A strategy for using your shrinking free time and money wisely

By Kat Avila, contributing writer
Published on LatinoLA: August 5, 2012

The 15-Minute, 10-Dollar Day

"But it's only 15 minutes a day!" said my voice and diction coach. He was either astonished by my admitted laziness or exasperated with my lack of discipline, or both. After all, it was a 45-minute drive to his place in Hollywood for a 45-minute lesson and a 45-minute drive back, provided that traffic was good. And I didn't have time to do my homework after putting in that kind of investment?

After Rocco said that, I felt pretty ashamed. Whenever I felt like slacking off about something, I would hear his voice like it was yesterday: "But it's only 15 minutes a day!"

If I don't feel like doing my morning routine of sit-ups, if I don't want to walk around the block for exercise, if I am too tired to study, if I don't want to clean and vacuum, if I would rather pay an overdue fine than return a DVD to the library, I hear: "But it's only 15 minutes a day!"

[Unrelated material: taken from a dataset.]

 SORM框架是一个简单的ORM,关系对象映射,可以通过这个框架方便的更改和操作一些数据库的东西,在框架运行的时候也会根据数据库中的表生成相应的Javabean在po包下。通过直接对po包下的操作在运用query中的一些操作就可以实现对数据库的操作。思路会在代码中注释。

So now, a lot of things get done because of one ghostly nagging voice. As someone once asked, "How much better do you want your life to become?" A focused 15 minutes of your time here and there can add up to something significant.

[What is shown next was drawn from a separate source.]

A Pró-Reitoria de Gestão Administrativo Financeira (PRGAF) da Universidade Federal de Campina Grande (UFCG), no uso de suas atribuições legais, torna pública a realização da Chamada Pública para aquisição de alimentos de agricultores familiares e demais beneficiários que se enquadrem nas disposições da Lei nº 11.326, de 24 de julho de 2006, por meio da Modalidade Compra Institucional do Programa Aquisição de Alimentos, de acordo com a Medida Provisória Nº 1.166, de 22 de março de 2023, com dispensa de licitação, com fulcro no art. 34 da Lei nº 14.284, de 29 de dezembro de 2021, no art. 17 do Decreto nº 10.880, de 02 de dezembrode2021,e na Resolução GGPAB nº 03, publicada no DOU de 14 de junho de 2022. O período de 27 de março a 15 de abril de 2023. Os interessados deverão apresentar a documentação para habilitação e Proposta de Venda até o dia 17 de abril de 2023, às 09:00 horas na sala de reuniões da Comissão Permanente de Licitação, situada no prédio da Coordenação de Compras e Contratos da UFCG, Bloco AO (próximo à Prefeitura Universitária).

An artistic ESL student once explained to me how she was able to finish her highly detailed masterpieces, "You draw a rock. Then another and another. You draw a cat, and then you have a family of cats. And then after a year, you have a painting!"

Brian Tracy wrote a book titled EAT THAT FROG!: 21 Great Ways to Stop Procrastinating and Get More Done in Less Time. I highly recommend it if your procrastinating is holding you back.

As for money, I am often left with only 10 dollars in my wallet. This was the situation I faced as I went shopping recently for food at Trader Joe's. I bought a pound of strawberries, three apples, a tomato, a red onion, and a package of sliced turkey. Impulse shopper that I am, I ended up putting back as much as I bought. (I've been trying not to default back to my credit card for food.)

My reward was the smiling cashier handing me back a crisp dollar bill for change. That dollar hangs attached to a picture frame on the wall above my computer. Eventually I'm going to need it, but for now it reminds me that saving one dollar is like putting 15 minutes of time to good use.